Lausanne, Switzerland, October 11, 2014 – It is a landmark moment for volleyball, which heads into the penultimate day of competition at the FIVB Women’s World Championship in Milan, with Saturday marking half a century since the sport made its debut appearance at the 1964 Olympic Games in Tokyo.
For Japan, the 1964 Games were billed as a ‘Festival of Peace’ following the devastating war the country had experienced 20 years earlier.
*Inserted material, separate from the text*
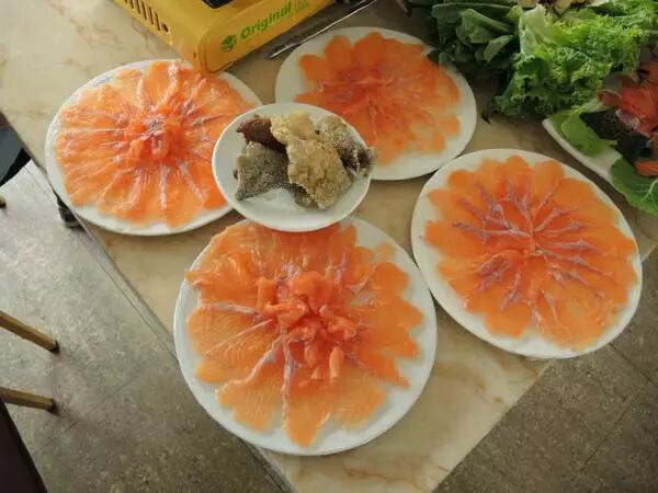 【吃三文鱼的地方】:新城花马街的彩虹三文鱼,沱江鱼府38元一斤,算是比较实惠的了。他们家的芥末、醋、酱油一套38元,味道都很正宗,鱼也很新鲜饭局必去哈哈~

For volleyball, it was the start of a journey which has seen the sport go from strength to strength in the 50 years since.
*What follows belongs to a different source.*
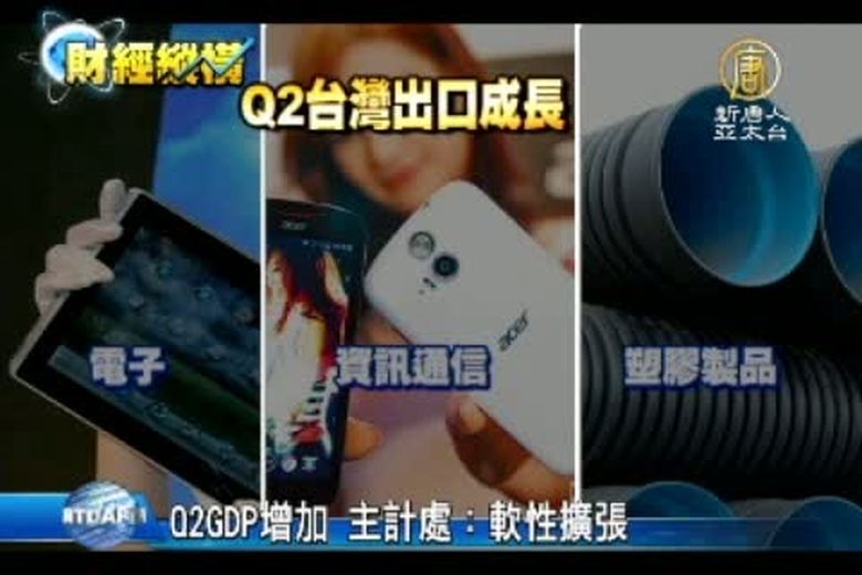 來關心財經消息。 主計處今天(31日)公布第二季經濟成長率預估值,從5月預測的1.98%,提高到2.27%,增加0.29個百 分點,主要原因是整體出口成長,以及民間消費回溫,不過主計處表示,單一季無法確定景氣就此好轉,目前經濟仍處於「軟性擴張」狀態,全年GDP成長率預估還是維持2.4%。 //asset3.ntdtv.com.tw/public/uploads/video/2013/08/01/20130801-15996796.mp4 財經縱橫|主計處|經濟成長率|景氣|GDP|軟性擴張2013-07-31 21:14:02

With the eyes of the world currently on the Women’s World Championship, it is ironic that women’s volleyball faced an uncertain future in the lead up to the 1964 Olympics.
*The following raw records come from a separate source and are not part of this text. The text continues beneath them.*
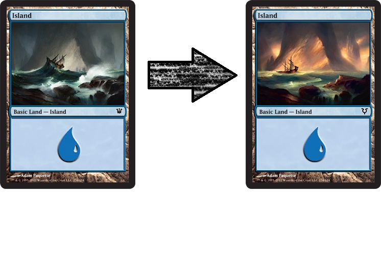 Redditor Sephiroth912 noticed something strange when he was looking at the visual spoiler for the basic lands in Avacyn restored.
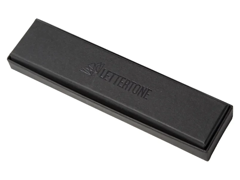 Поставляется в чёрной матовой коробочке с прозрачным логотипом «Lettertone» на дне.
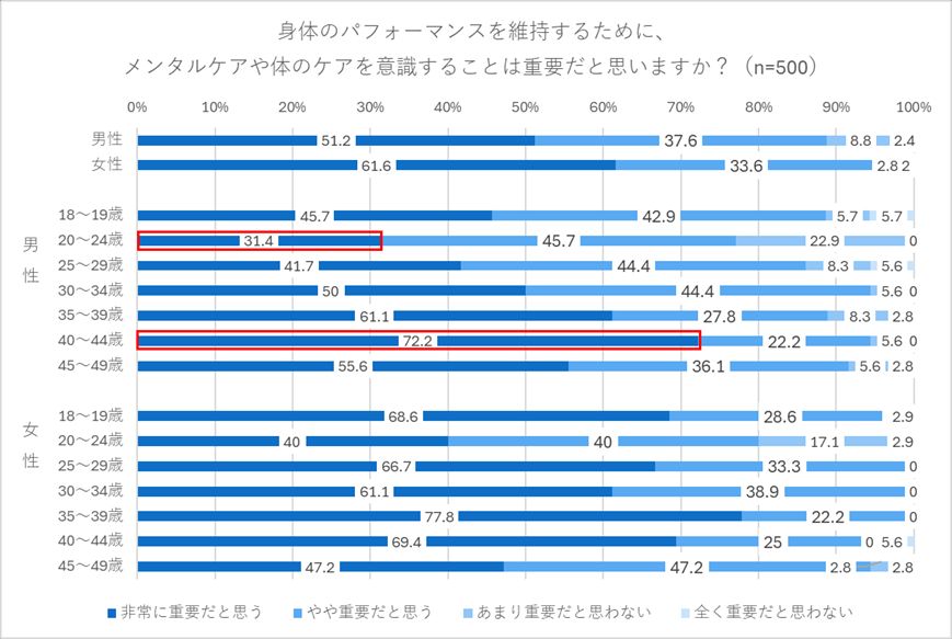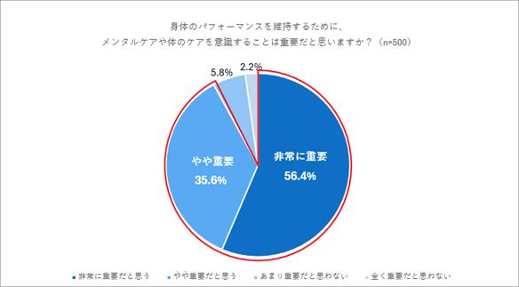 ▲身体のパフォーマンス維持に「ケアが重要」と回答した人は9割超

Volleyball was included on the list of sports featured on the Olympic Programme at the 54th IOC session in 1957 in Bulgaria’s capital Sofia. At the 59th IOC Session held in Athens in 1961, a vote was taken to retain volleyball on the programme of the Games of the XVIII Olympiad in Tokyo. However, the International Volleyball Federation’s proposal to include women’s volleyball was rejected and it was only at the 60th IOC Session held in Moscow in 1962 that it was decided that women’s volleyball would also feature at the Games in Tokyo.
Volleyball also made history by being the first women’s team sport to be introduced into the Olympic Games. The women's tournament has featured in Olympic tournaments since, also helping the 24-team Women's World Championship, currently taking place in Italy, to the prominent position it enjoys today.
With Tokyo and Japan as hosts, there was already strong interest in the sport and in the 1964 women’s tournament. Hirofumi Daimatsu’s teams duly sent the home fans into raptures by winning gold, ahead of the USSR and Poland.
USSR’s men confirmed their dominance from the first two FIVB Volleyball Men’s World Championships by winning gold. They edged out Czechoslovakia on points difference, while Japan won bronze.
USSR and Japan dominated the early years of the women’s competition, and while China won at Los Angeles 1984, the USSR claimed one more title at Seoul 1988 before the break-up of the old Eastern Bloc ushered in the age of Cuba, who won a hattrick of titles at Barcelona 1992, Atlanta 1996 and Sydney 2000.
Theirs is a feat that Brazil will aim to match at Rio de Janeiro 2016, having struck gold at Beijing 2008 and London 2012.
The USSR’s men matched their women’s dominance in the early editions of the volleyball tournament at the Olympics. They successfully defended their Tokyo 1964 title at Mexico City 1968 and while Japan and Poland were victorious in the next two Olympics, the USSR returned to winning ways at Moscow 1980.
That was their last Olympic victory though, as the USA won back-to-back golds in 1984 and 1988, before Brazil’s men won the first of their two golds at Barcelona 1992. The South Americans then won a second at Athens 2004, before the USA matched the achievement of the USSR by winning a third gold at Beijing 2008.
The London 2012 Olympic Games, in which Brazil’s women and Russia’s men won gold, was the 13th edition of the Games to feature volleyball. With Brazil’s women out to defend their Olympic gold and their men out to improve on London 2012 and 2014 World Championship silver medals when the Rio de Janeiro 2014 Olympic Games begin, volleyball is guaranteed to have another rich chapter written in its Olympic history.